I've seen subjective reviewers inappropriately claim that their assessments are objective when clearly not! For example, The 13th Note and I also think Jay's Audio Lab make this claim erroneously in some of the videos (and no, Jay still doesn't have a "lab"). At best, they might perform subjective controlled listening, but inevitably, these are comparisons affected by mental biases and prejudices; hence, subjective.

In many circumstances, subjective evaluations are essential and much more important than objective analysis. No machine will tell us if art is "beautiful", it cannot "enjoy" music, or tell us if wine tastes "good". Reviews of art demand subjective eyes/ears/taste/minds because they are meant for human/mental consumption.

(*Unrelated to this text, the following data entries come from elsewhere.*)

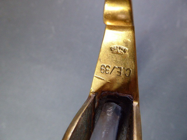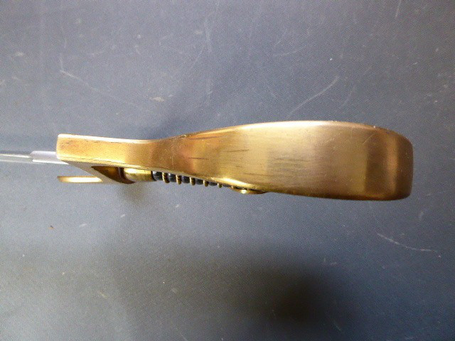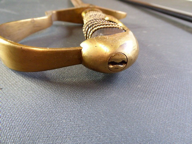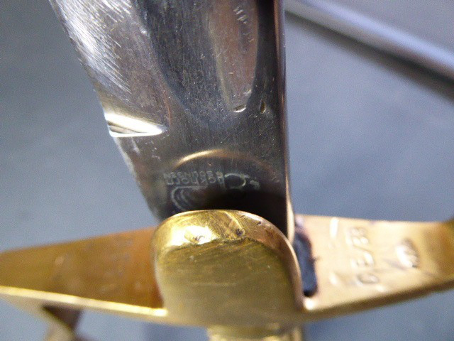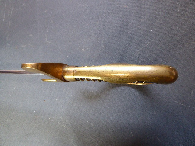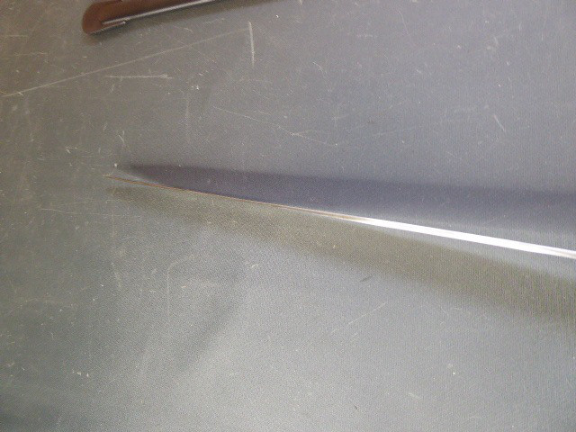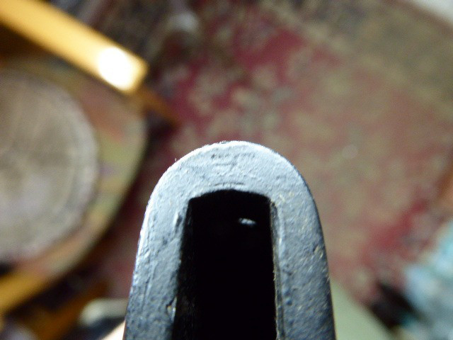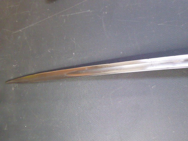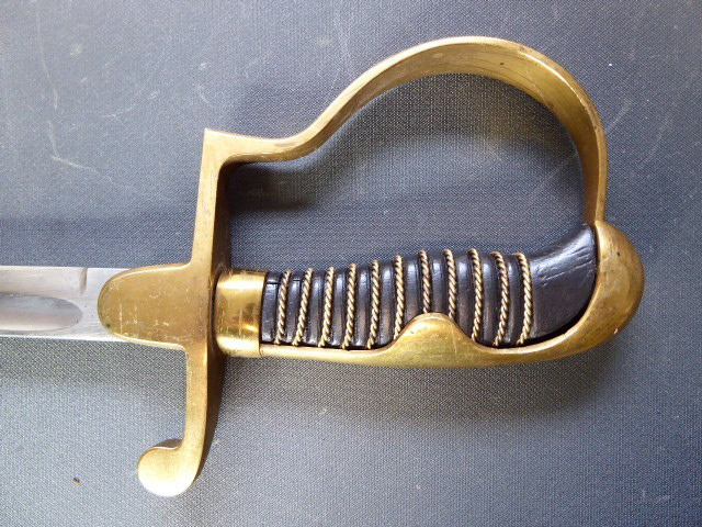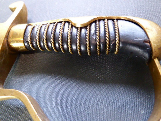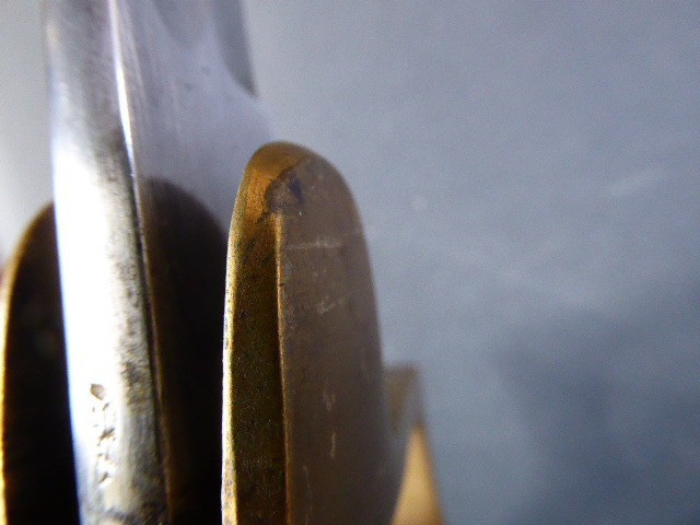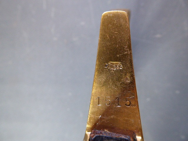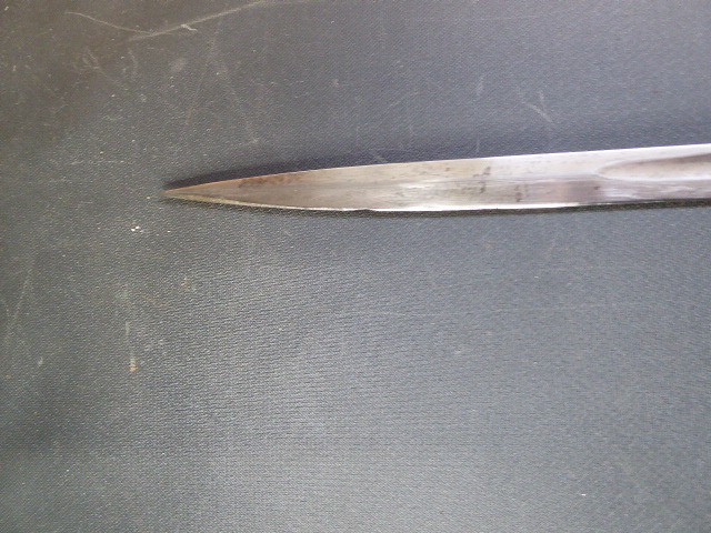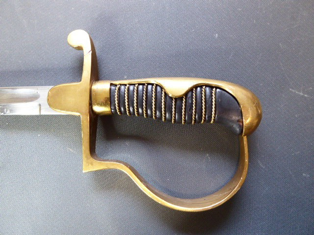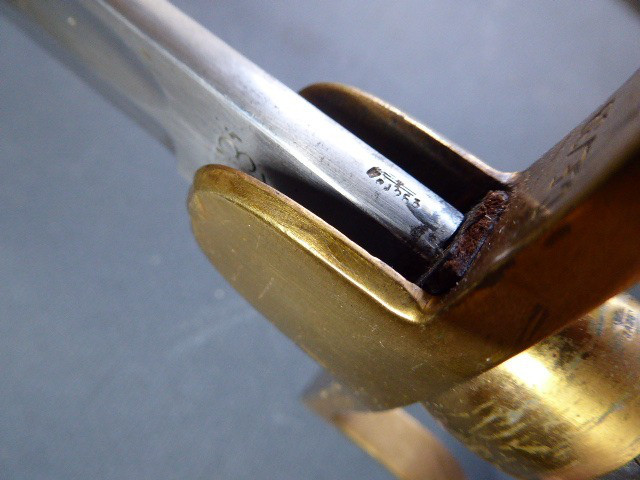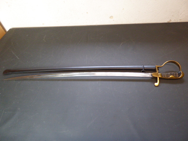Aus meiner Sammlung gebe ich, ein alten Nummerngleichen 3. Reich Kavallerie Säbel Hersteller EICKHORN SOLINGEN mit Scheide ab. Griff Holz/Horn mit einer Messingdraht Wicklung. Gefäß Messing mit Lappen, auf dem Bügel Gestempelt C.E.-39 unter Punze, andere Seite 1515 unter Punze. Einschneidige Klinge mit kleine Scharten, Hersteller EICKHORN SOLINGEN, auf dem Rücken mit Kammer Punze. Scheide aus Stahl einseitig gestempelt 1515, andere Seite C.E./39 darunter Punze, auf dem Mundblech auch noch mit Punze. Scheide wurde mal nachlackiert. Das Teil ist im Sammelwürdigen Zustand. Alles andere entnehmen Sie Bitte den Fotos. Gesamtlänge: 96,5 cm, ohne Scheide: 93 cm, Klingenlänge: 80,5 cm, Klingenbreite: 2,2 cm. Kann zu jederzeit bei mir besichtigt werden. Privatauktion keine Rücknahme und Garantie.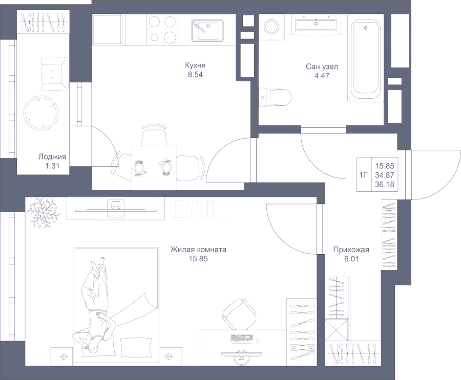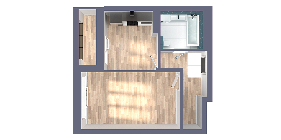 Визуализация и планировка, в том числе в части площади и размера стен жилого помещения, являются проектными и могут быть изменены в ходе строительства объекта. Цена квартиры зависит от выбранной программы и акции, актуальные цены можно уточнить у менеджеров и на момент заключения договора.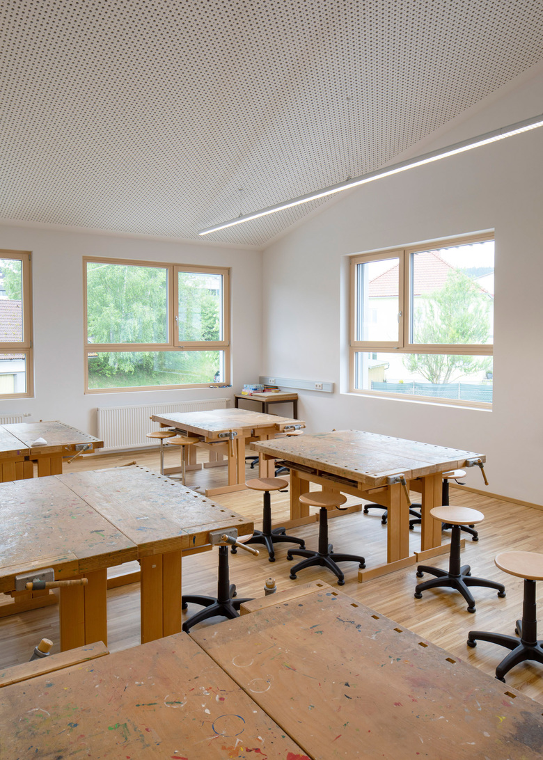 Die Klassenräume bilden die äußere Schicht, in der Mitte liegen die Neben- und Nassräume, während sich zu den Glasfronten an der Stirnseite die freien Bereiche für den Pausenaufenthalt orientieren. Im Obergeschoß öffnet sich der neu errichtete Bereich bis unter die Dachsilhouette und bildet durch seine farbliche Gestaltung eine optisch abgetrennte Lernlandschaft mit großzügigen Luftraum. - "Alle Klassenräume münden direkt in die Marktplätze!" - der untere Gruppenraum lässt sich darüber hinaus mit seiner großzügigen Verglasungen direkt mit den Freibereich verbinden.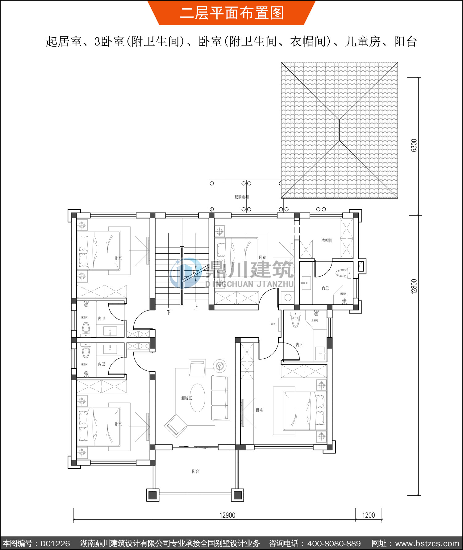 | 二 層: | 起居室、3臥室(附衛生間)、臥室(附衛生間、衣帽間)、兒童房、陽臺 | |||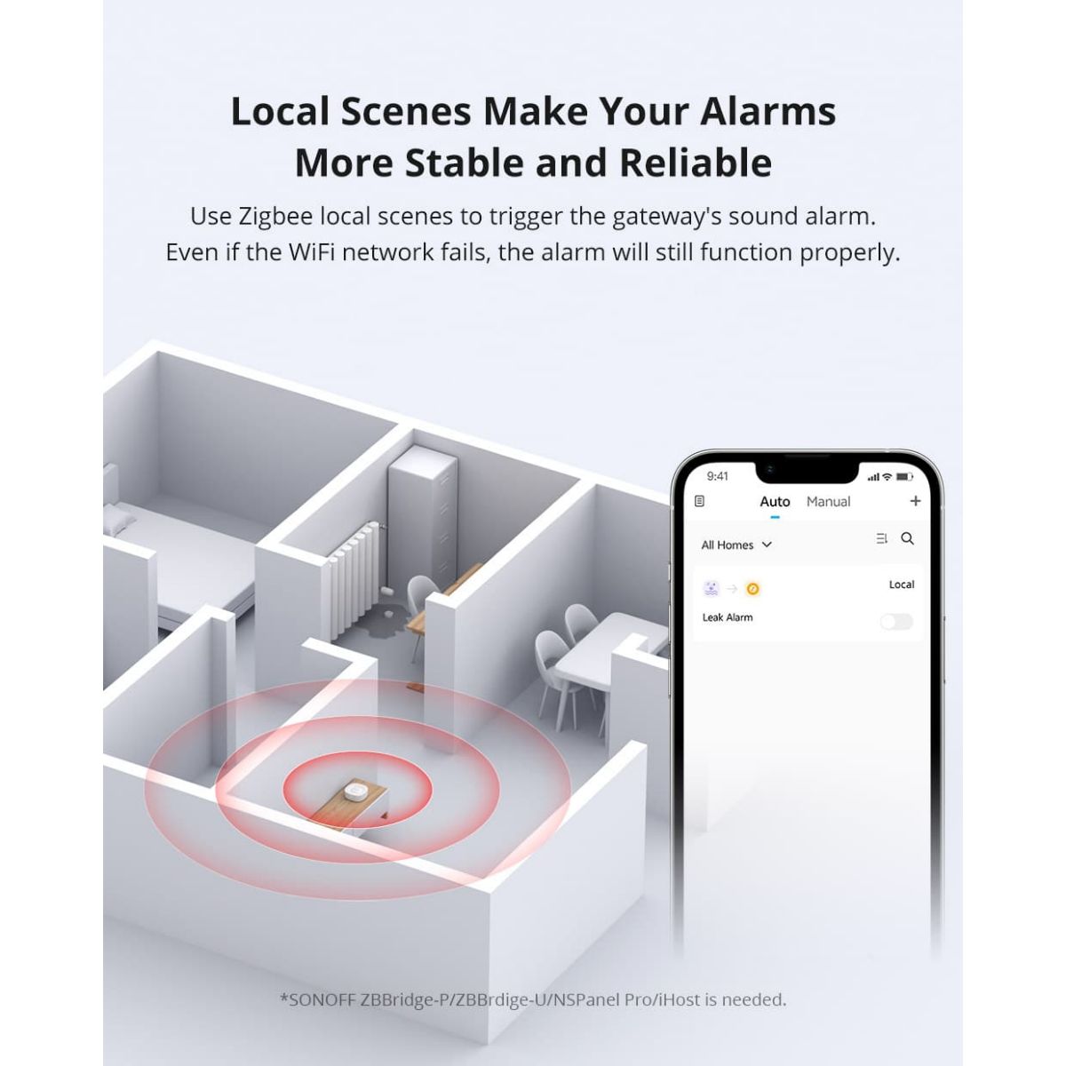 Protege tu hogar con el Sensor de Fugas de Agua Sonoff SNZB-05P Zigbee. Detecta instantáneamente derrames y fugas, enviando alertas a tu móvil a través de la app eWeLink. Su diseño impermeable IP67 garantiza durabilidad. Compatible con Amazon Alexa, Google Home y SmartThings (requiere Hub Zigbee), este sensor inteligente es esencial para prevenir daños por agua en cualquier estancia.
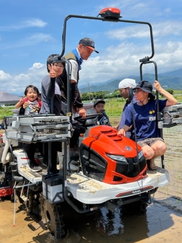 手植えにより田植えを体験していただくほか、田植え機による田植え作業を間近で見学できます。田んぼの泥の感触を五感で楽しみながら、昔の田植えと現在の田植えを感じてください。

To make sure I am clear about my intent is why I often will qualify my articles with statements like "where I'm coming from as an audiophile hobbyist who is aiming for high-fidelity audio reproduction as the ultimate goal", as can be seen near the start of that dCS v. GS article. For me, audiophilia has always been intricately linked to the concept of fidelity. I believe "high-fidelity" as the goal is NOT art. It's a technically definable intent of achieving transparency to the source material as the ideal. Thus, whether a device or system is capable of high-fidelity is a measurable, quantifiable matter that can be empirically observed and applicable to scientific examination even if there are artistic elements to the appearance of the device such as the steam-punk looking Dan d'Agostino amps or the organic shape of the B&W Nautilus. A transparent high-fidelity device will simply pass the music on to you, the listener, complete with all the nuances and without coloration; whether you enjoy the subjective experience is up to you. If the music/art is not up to your expectations or standards, then by all means take it up with the artists or audio engineers who might have butchered the sound with dynamic range compression for example! πŸ˜’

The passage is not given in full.